SUMMARY OF THE INVENTION

[0010] It is therefore an object of the present invention to provide a gas-discharge display panel having a high picture quality capable of preventing occurrence of cracks in a protective layer which has a high secondary-electron emission characteristic and which is disposed on a dielectric layer.

[0011] Another object of the present invention is to provide a gas-discharge display panel in which a sealing material has high reliability in a high-temperature process to thereby produce high-quality pictures.

[0012] In the plasma display panel of this kind, there is included the protecting layer 900 of MgO or the like having a high value of the secondary electron emission characteristic for the emission of light from the fluorescent substance 1200. There arises a great problem of cracks in the protecting layer 900. When cracks appear in the protecting layer 900, the quality of picture itself is deteriorated.

[0013] A first problem to be solved by the present invention is how to prevent cracks from appearing in the thin MgO film on the dielectric layer.

[0014] On the other hand, in the configuration of the conventional plasma display panel, the front substrate 100 and the rear substrate 200 are sealed up.

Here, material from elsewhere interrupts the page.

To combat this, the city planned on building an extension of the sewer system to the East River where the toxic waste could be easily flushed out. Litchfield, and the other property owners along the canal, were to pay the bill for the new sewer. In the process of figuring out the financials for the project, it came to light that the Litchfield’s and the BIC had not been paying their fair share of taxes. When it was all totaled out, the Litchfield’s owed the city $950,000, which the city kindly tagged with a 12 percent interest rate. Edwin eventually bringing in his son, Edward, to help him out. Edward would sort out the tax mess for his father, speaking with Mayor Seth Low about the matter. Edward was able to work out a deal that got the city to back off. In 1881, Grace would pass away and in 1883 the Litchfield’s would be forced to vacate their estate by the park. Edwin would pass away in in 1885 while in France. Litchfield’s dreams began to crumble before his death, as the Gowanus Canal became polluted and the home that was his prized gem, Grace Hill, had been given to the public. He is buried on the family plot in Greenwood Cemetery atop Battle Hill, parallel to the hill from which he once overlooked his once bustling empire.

In some cases, the sealed panel is treated at a high temperature to activate the protecting layer 900 of MgO. In this case, although it is desired to activate the protecting layer 900 of MgO at a possibly high temperature, the temperature is limited to the temperature at which the front substrate 100 and the rear substrate 200 are sealed up. This is because of a fear that when the activation process is accomplished at a temperature exceeding the sealing temperature, the sealing material is softened and hence the joining strength is deteriorated between the front substrate 100 and the rear substrate 200 and the sealed discharge gas such as a rare gas leaks therefrom.

[0015] A second problem to be solved by the present invention is how to increase reliability of the sealing material in the high-temperature process.

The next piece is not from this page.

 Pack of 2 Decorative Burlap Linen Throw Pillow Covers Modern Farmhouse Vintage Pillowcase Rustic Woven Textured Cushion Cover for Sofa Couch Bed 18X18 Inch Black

[0016] Through discussion on the cause of occurrence of cracks in the thin MgO film, it has been known that the occurrence of cracks is closely related to the temperature Tf at which the front substrate 100 and the rear substrate 200 are sealed up with the sealing material. That is, the thin MgO film is formed on the dielectric substance fabricated in a thick-film process in which there exists a difference in thermal expansion between the dielectric layer and the thin MgO film. Consequently, these substances respectively thermally expand and the difference in thermal expansion leads to the cracks.

[0017] FIG. 5 shows a relationship between temperature and thermal expansion for the dielectric material and MgO. As can be seen from this graph, the thermal expansion almost linearly increases with respect to temperature. However, the dielectric material generally employed in the plasma display panels is a glass substance and hence the thermal expansion thereof abruptly increases when the temperature exceeds a certain value. The temperature is generally called a glass transition point Tg. Details about the glass transition point has been described in pages 119 and 120 of the “Garasu No Kagaku or Chemistry of Glass (1st edition published on 24 Apr., 1972).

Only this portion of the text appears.